EHRC urged the authorities to investigate the reasons for the military’s withdrawal from the area. Daniel Bekele, head of the committee, said: “These horrible civilian killings are unscrupulous and disregard for basic human principles. “There aren’t any complaints that could justify such brutality, and the culprit should be accounted for.”

The OLA, which is believed to have a low count of thousands, has split from the Oromo Liberation Front, an opposition party that has lived in exile for many years but was allowed to return to Ethiopia after Abiy took office in 2018.

Separate attacks against Amhara civilians have recently been reported in two other areas. Authorities last week banned the National Movement of Amhara (Nama), an opposition party, from holding protests denouncing the killing of Amhara civilians.
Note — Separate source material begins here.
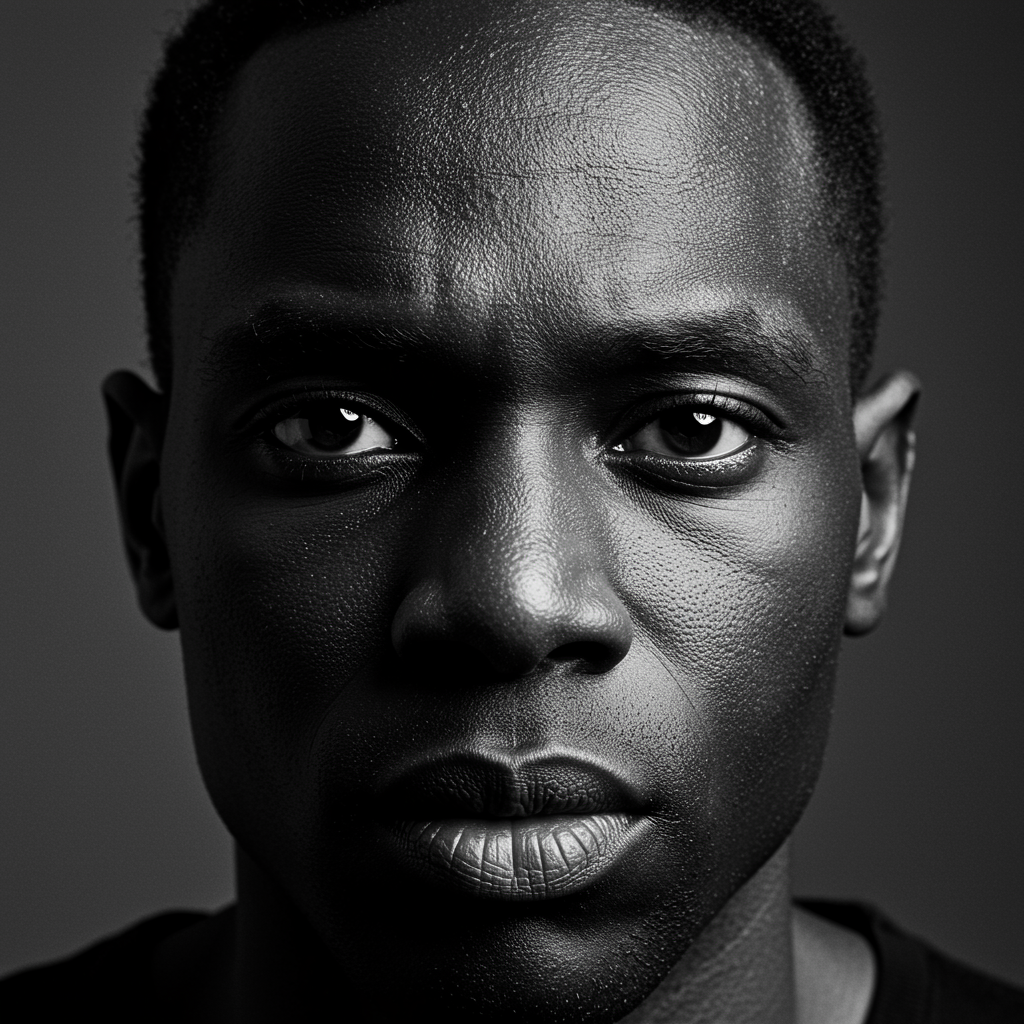wallpaper, high-resolution image of a black man gazing intently at the camera, intimate close-up, monochrome, captured with Leica 50mm lens, f1.2, showcasing intricate skin textures and depth

Dessalegn Chanie, a senior member of Nama, said “as many as 200 Amharas were brutally murdered” in Sunday’s attack, although he admits the exact number is difficult to determine.

“According to survivors from the area I talked to earlier today, they are not sure about the number of people dying because they ran [into the forest], “I said.

Abiy said security forces have been deployed to the area and are “taking measures” to restore order.